■ Task objective ■
Copy out every line of the material below, character for character, apart from the pictures.

■ Extracted information ■
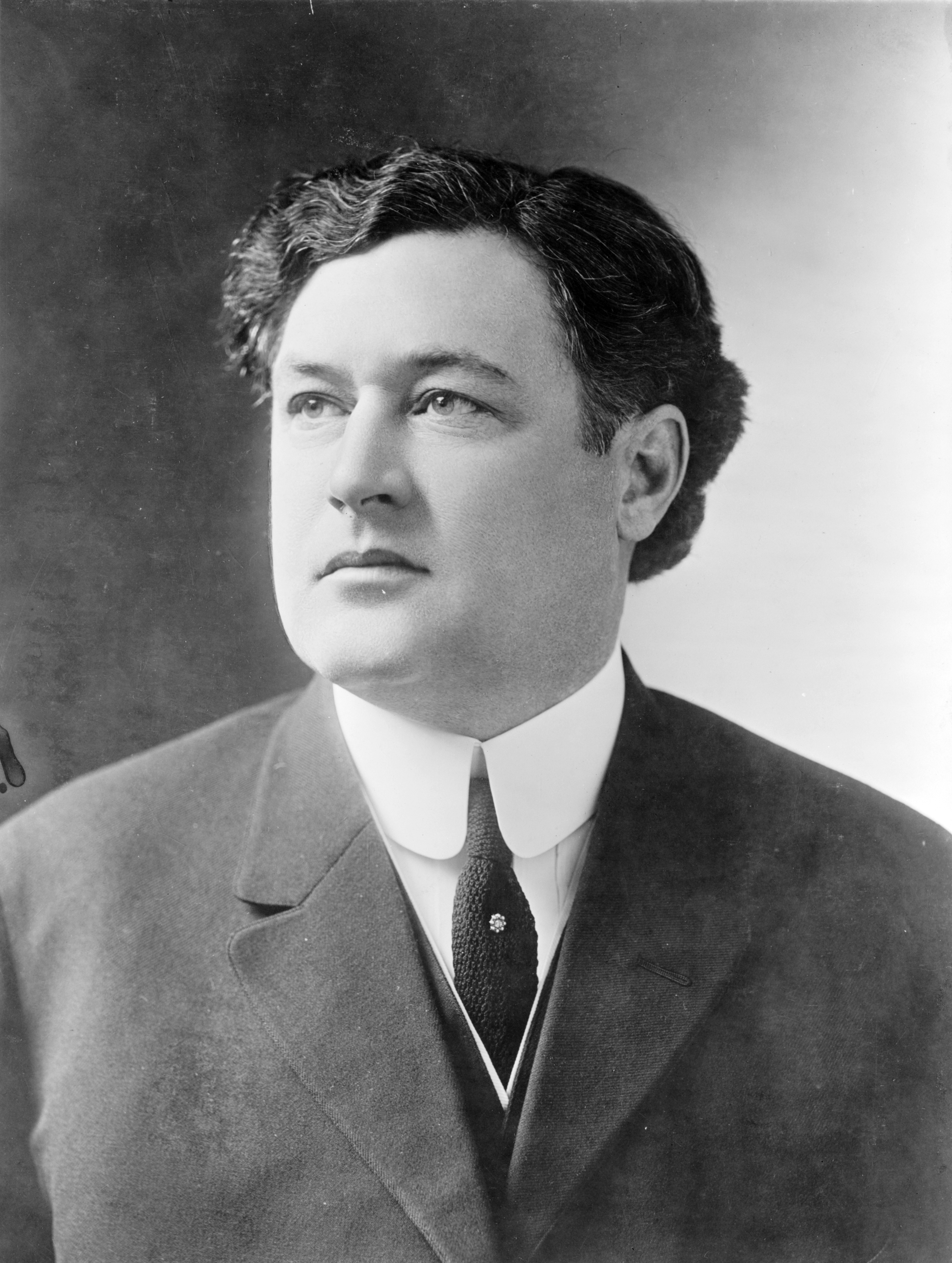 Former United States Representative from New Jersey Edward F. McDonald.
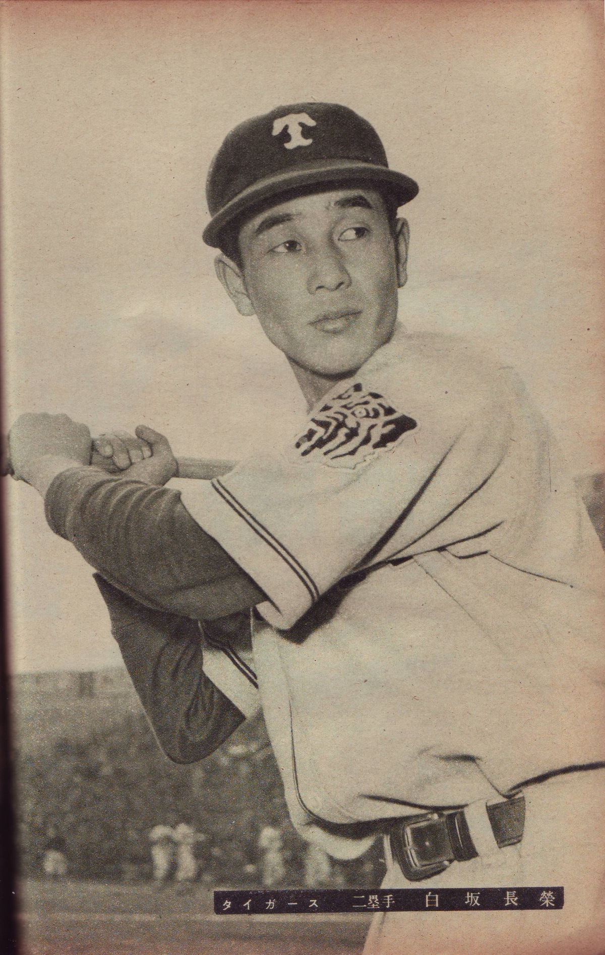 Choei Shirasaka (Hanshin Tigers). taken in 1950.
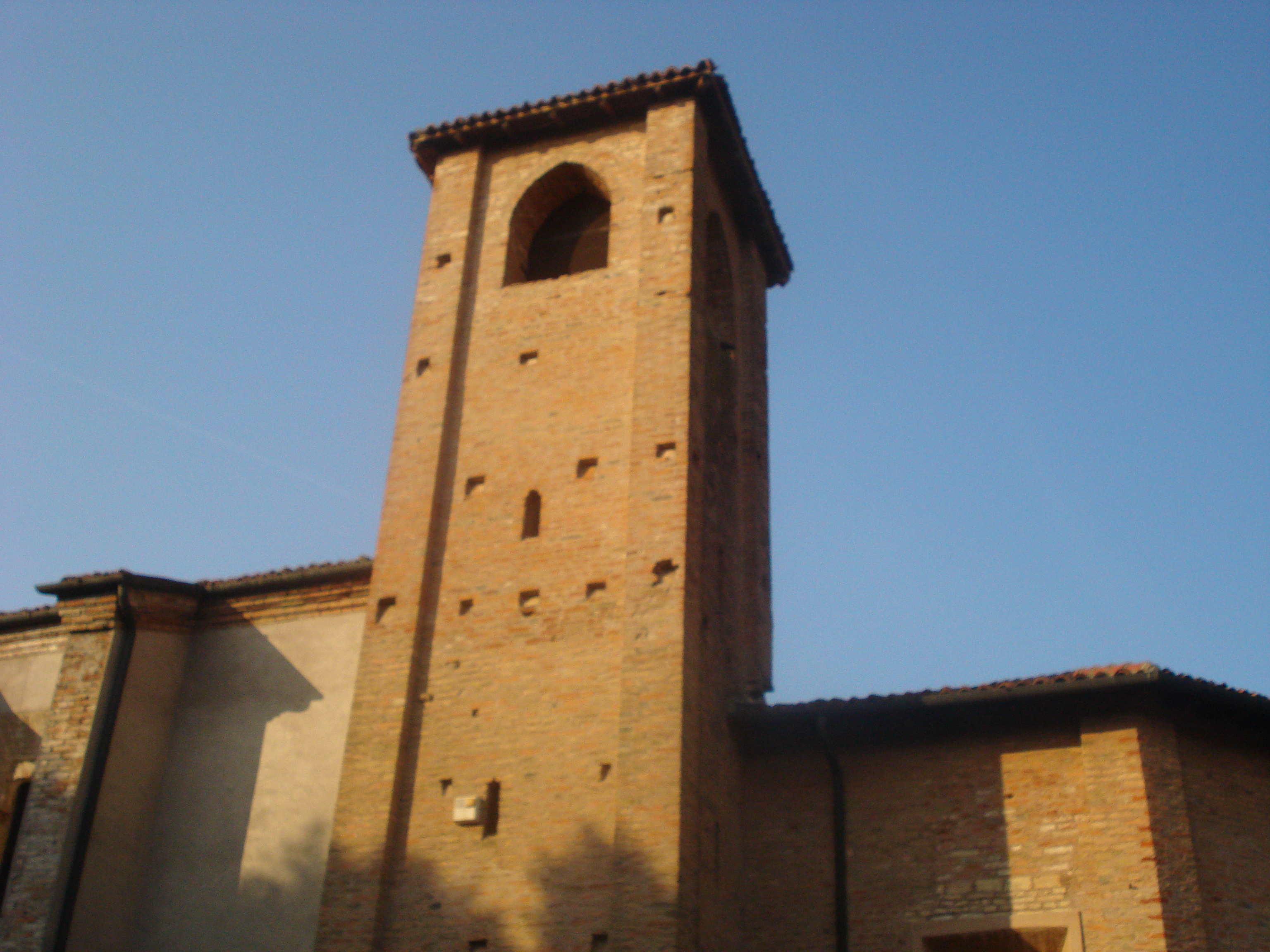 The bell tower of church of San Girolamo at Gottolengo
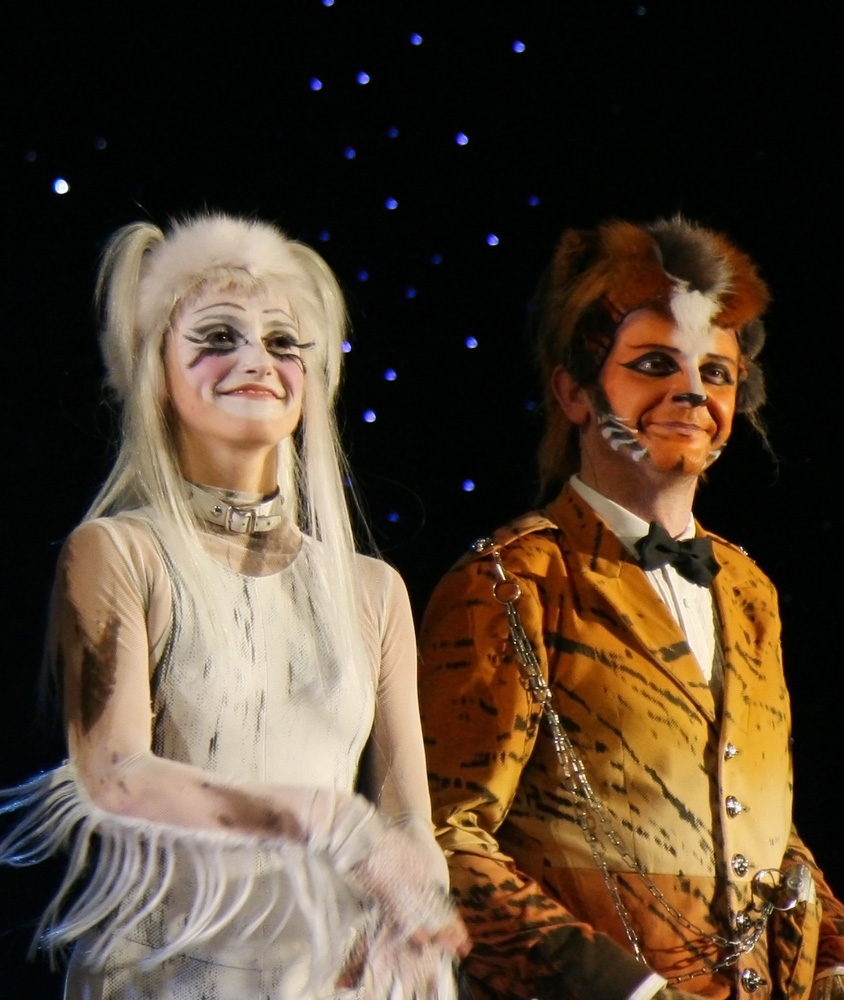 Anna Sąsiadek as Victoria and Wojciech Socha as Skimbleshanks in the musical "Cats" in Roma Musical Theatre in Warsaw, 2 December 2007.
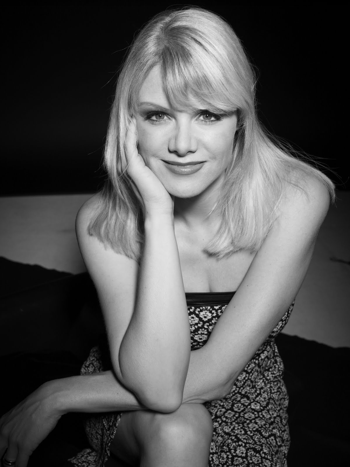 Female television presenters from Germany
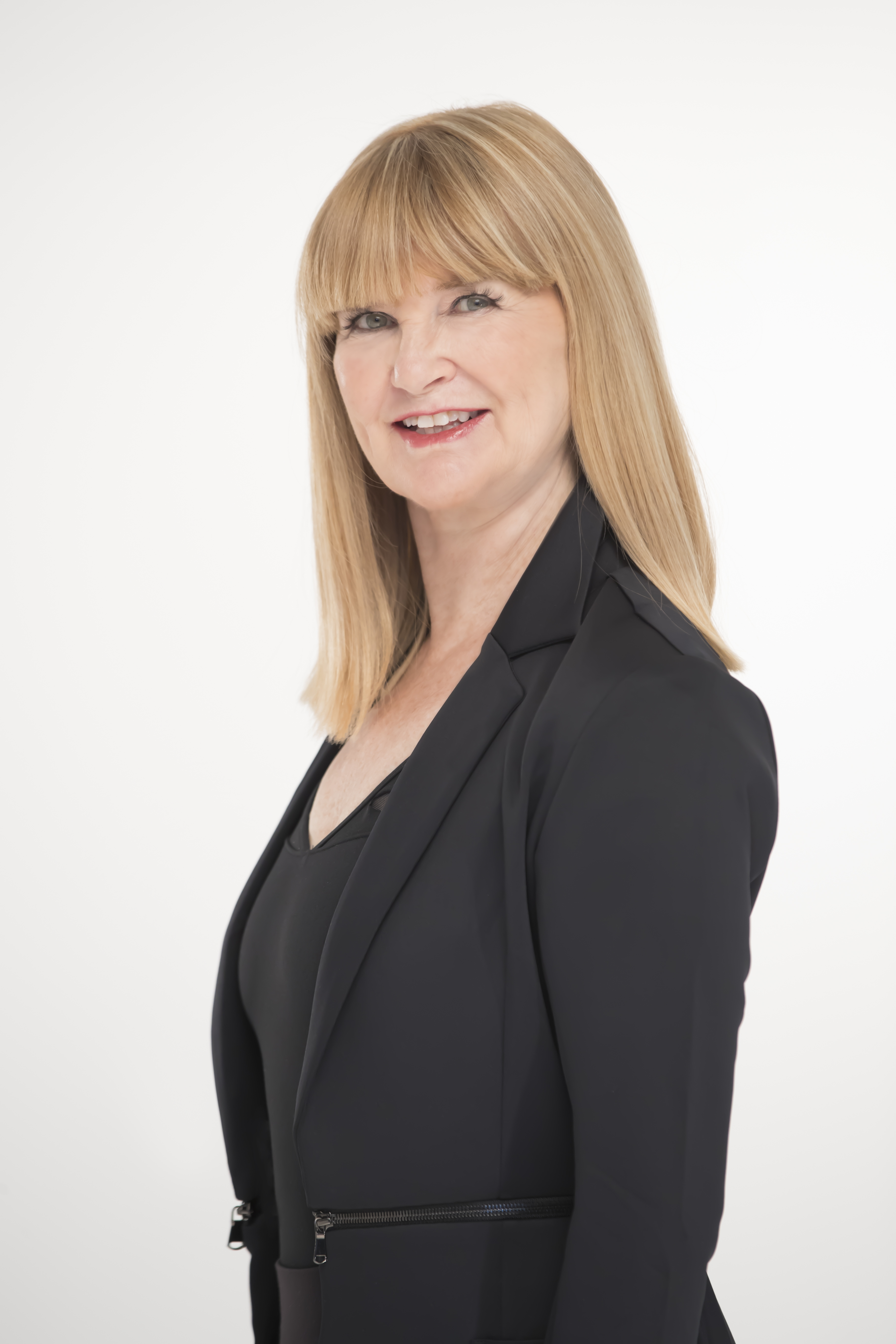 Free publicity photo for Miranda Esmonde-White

■ Result below ■
 Former United States Representative from New Jersey Edward F. McDonald.
 Choei Shirasaka (Hanshin Tigers). taken in 1950.
 The bell tower of church of San Girolamo at Gottolengo
 Anna Sąsiadek as Victoria and Wojciech Socha as Skimbleshanks in the musical "Cats" in Roma Musical Theatre in Warsaw, 2 December 2007.
 Female television presenters from Germany
 Free publicity photo for Miranda Esmonde-White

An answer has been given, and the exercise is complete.